How to implement and do OCR in a C# project?

I ve been searching for a while and all that i ve seen some OCR library requests. I would like to know how to implement the purest, easy to install and use OCR library with detailed info for installation into a C# project.
If posible, I just wanna implement it like a usual dll reference...
Example:
using org.pdfbox.pdmodel;
using org.pdfbox.util;
Also a little OCR code example would be nice, such as:
public string OCRFromBitmap(Bitmap Bmp)
{
Bmp.Save(temppath, System.Drawing.Imaging.ImageFormat.Tiff);
string OcrResult = Analyze(temppath);
File.Delete(temppath);
return OcrResult;
}
So please consider that I'm not familiar to OCR projects and give me an answer like talking to a dummy.
Edit:
I guess people misunderstood my request. I wanted to know how to implement those open source OCR libraries to a C# project and how to use them. The link given as dup is not giving answers that I requested at all.

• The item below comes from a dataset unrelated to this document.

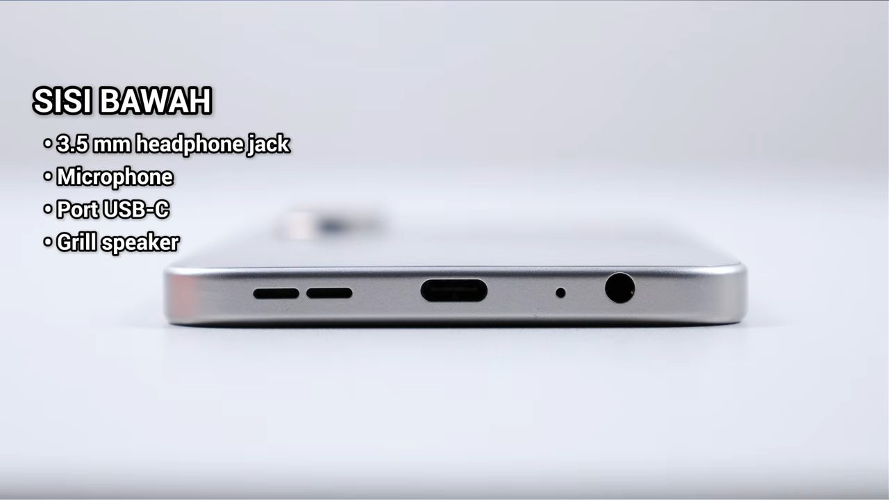 - Sisi bawah: 3.5 mm headphone jack, microphone, port USB-C, grill speaker

If anyone is looking into this, I've been trying different options and the following approach yields very good results. The following are the steps to get a working example:
Add .NET Wrapper for tesseract to your project. It can be added via NuGet package Install-Package Tesseract(https://github.com/charlesw/tesseract).
Go to the Downloads section of the official Tesseract project (https://code.google.com/p/tesseract-ocr/ EDIT: It's now located here: https://github.com/tesseract-ocr/langdata).
Download the preferred language data, example: tesseract-ocr-3.02.eng.tar.gz English language data for Tesseract 3.02.
Create tessdata directory in your project and place the language data files in it.
Go to Properties of the newly added files and set them to copy on build.
Add a reference to System.Drawing.
From .NET Wrapper repository, in the Samples directory copy the sample phototest.tif file into your project directory and set it to copy on build.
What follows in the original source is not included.